Since real-time business logic is implemented (visit here for more details), the system needs to access data from the database for processing. To reduce load and improve performance, Redis is used to cache data that is frequently accessed but infrequently updated, minimizing database queries.

  redis:
    image: redis/redis-stack:latest
    container_name: redis
    ports:
      - "6379:6379"
      - "8001:8001"
    volumes:
      - ./volumes/redis:/data
    depends_on:
      - kafka-1
      - kafka-2 
    networks:
      - myNetwork

4. Prometheus and Grafana

Prometheus and Grafana are used to monitor Kafka, gather Kafka metrics, and trigger alerts when errors occur.

You must configure the following environment variables in the .env file to enable email alerts in Grafana:

SMTP_USER=your_email@example.com
SMTP_PASSWORD=your_email_app_password
SMTP_FROM_ADDRESS=alert_sender@example.com

Note

This is an app password, not your Gmail account password. Visit this guide for more details.

  prometheus:
    image: prom/prometheus:v2.50.0
    container_name: prometheus
    ports:
      - "9090:9090"
    volumes:
      - ./volumes/monitoring/prometheus.yml:/etc/prometheus/prometheus.yml
    networks:
      - myNetwork

  grafana:
    image: grafana/grafana:latest
    container_name: grafana
    ports:
      - "3000:3000"
    environment:
      - GF_SMTP_ENABLED=true
      - GF_SMTP_HOST=smtp.gmail.com:587
      - GF_SMTP_USER=${SMTP_USER}
      - GF_SMTP_PASSWORD=${SMTP_PASSWORD}
      - GF_SMTP_FROM_ADDRESS=${SMTP_FROM_ADDRESS}
      - GF_SMTP_FROM_NAME=Grafana Alerts
    volumes:
      - ./volumes/grafana/data:/var/lib/grafana
      - ./volumes/monitoring/grafana/provisioning:/etc/grafana/provisioning
    depends_on:
      - prometheus
      - kafka-1
      - kafka-2
    networks:
      - myNetwork

5. Run the Streaming script

Execution Overview 🎬

Before setting up the environment, here’s a quick demo of the streaming pipeline in action:
📽️

Run the Real-time Pipeline Powershell Script

We can start the necessary containers and begin to execute our streaming pipeline.

docker-compose up -d

Before preceeding further, you must enable some necessary features:

Enable local_infile on the server side.
This is required because we use a script to load static data files into MySQL tables using the LOAD DATA LOCAL INFILE command. Without enabling this option, the script will fail to execute the data loading step.
```
SET GLOBAL local_infile = 1;
```
Enable MySQL binary logging (binlog).
Follow the instructions here to create the required user and enable the binlog. mysql-src-connector.json.

Note

If you use a different username or password, make sure to update the following configuration in the mysql-src-connector.json file accordingly:

"database.user": "dbz-user",
"database.password": "dbz-user",

Instead of running multiple commands manually, we have a PowerShell script real-time.ps1 that automates the entire process, including:

✔️ Creating necessary tables in MySQL

✔️ Loading static file into the tables

✔️ Caching lookup data for later use

✔️ Registering the MySQL source connector

✔️ Runing the Kafka client to handle new events

Creating necessary tables in MySQL
The first step is to create all the tables required for this project.

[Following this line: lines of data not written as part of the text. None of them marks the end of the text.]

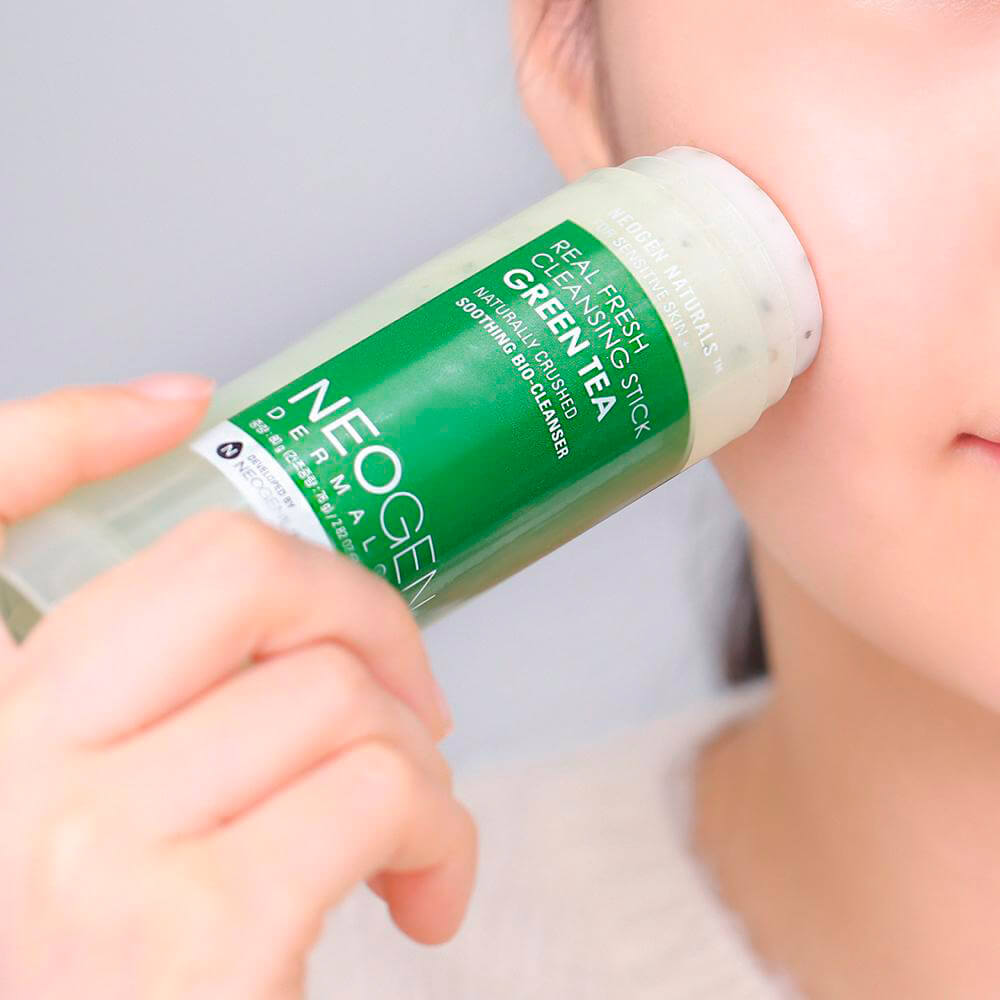 Очищающий бальзам в стике Neogen Real Fresh Cleansing Stick Green Tea бережно удаляет макияж и загрязнения, очищает поры от пыли и излишков себума, предотвращает появление чёрных точек. Не сушит и не стягивает, оставляя комфортное ощущение увлажнённости после умывания. Содержит листья зелёного чая, бетаин, масла кокоса, подсолнечника, камелии, оливы и лимона. Отлично подходит в качестве средства для умывания в travel-формате.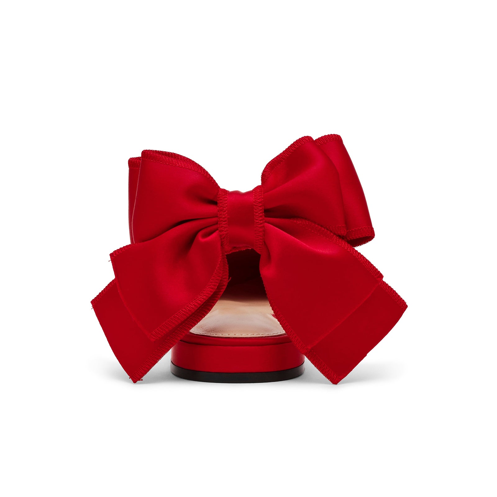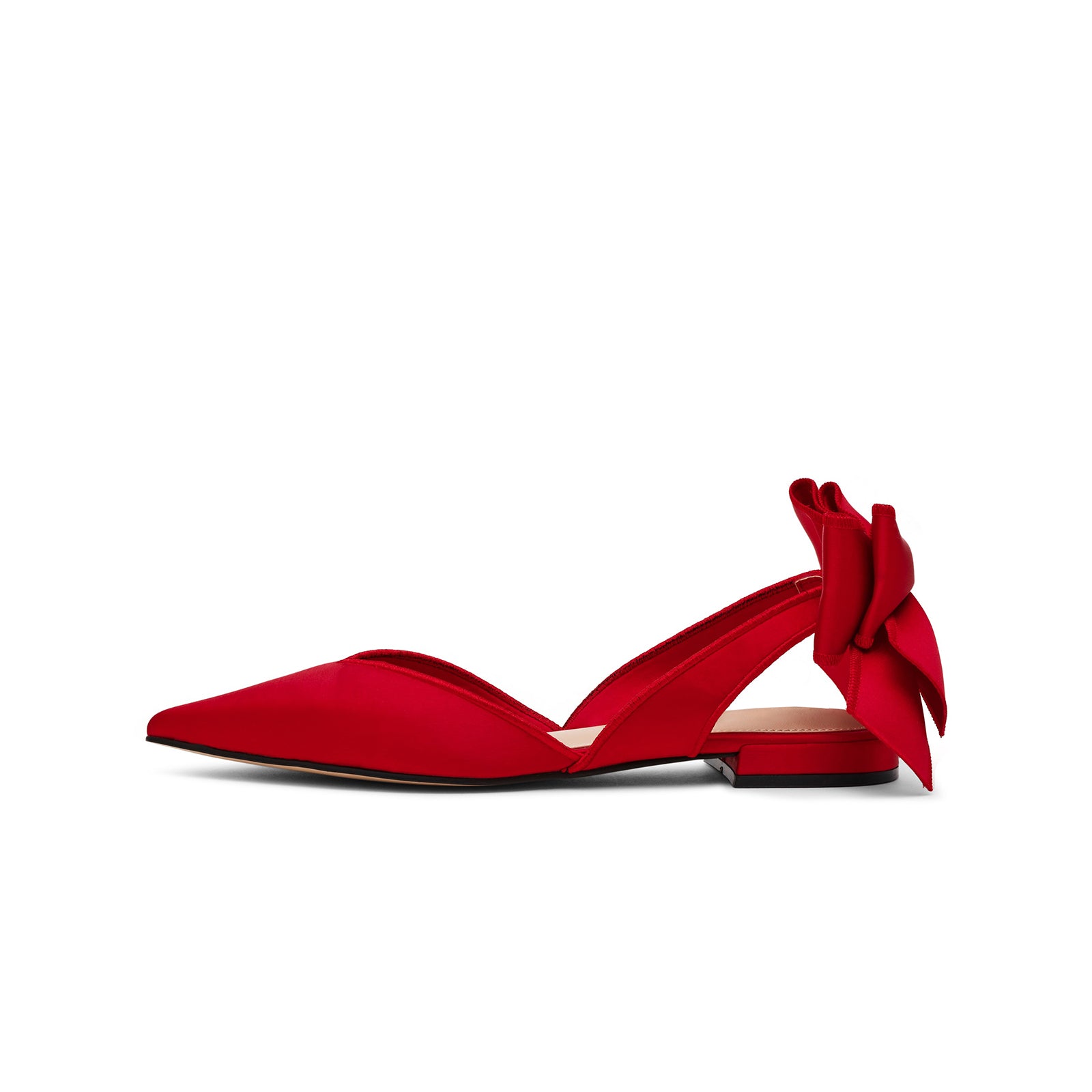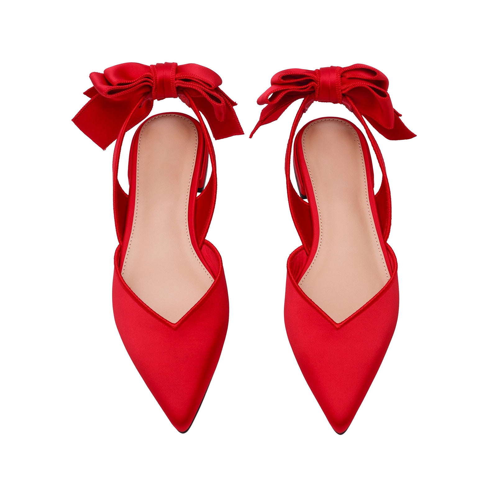 Red Satin Pointed-Toe Slingback Back Bow Flats.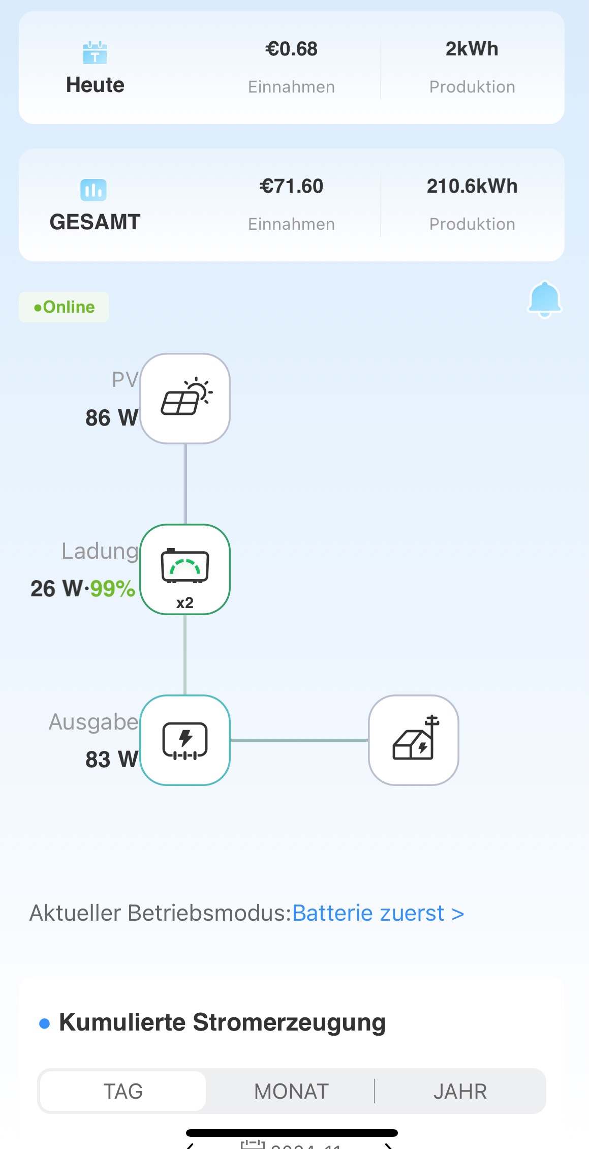 Am Samstag war hier im Saarland ein sehr gutes Wetter, und die beiden Growatts wurden sehr gut aufgeladen. Dabei haben sich auch die beiden Ladestände der Noahs (bisheriger Unterschied bis zu 25 %) angeglichen und synchronisiert.
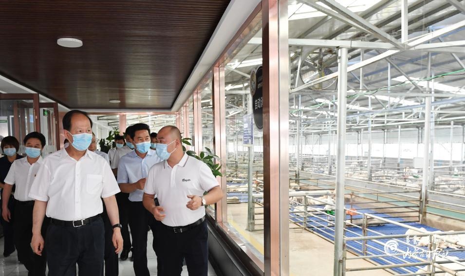 8月18日,石泰峰書記在巴彥淖爾市五原縣金草原現(xiàn)代肉羊標準化養(yǎng)殖園區(qū),了解產(chǎn)業(yè)扶貧情況。內(nèi)蒙古日報記者 袁永紅 攝

# Run the script to create necessary tables in the MySQL database
python scripts/database/create_table.py
Write-Host "============================================================"

Loading static file into the tables
Load CSV files located in the data/ folder into corresponding MySQL tables (e.g., stores, products, ...).

# Load static reference data (e.g., products, stores) into the database
python scripts/database/load_static_file.py
Write-Host "============================================================"

Caching lookup data
Cache frequently accessed reference data to Redis for faster response and reduced database queries.

# Populate Redis cache with referential data for faster lookups
python scripts/database/lookup_data_cache.py
Write-Host "============================================================"

Registering MySQL Source Connector to Kafka Connect
Register the MySQL source connector using the mysql-src-connector.json file. This file contains the Kafka Source Connector configuration.

# Register the MySQL source connector to Kafka Connect for capturing change data (CDC)
Invoke-WebRequest -Uri "http://localhost:8083/connectors" -Method Post -ContentType "application/json" -InFile "./scripts/real-time/mysql-src-connector.json"
Write-Host "============================================================"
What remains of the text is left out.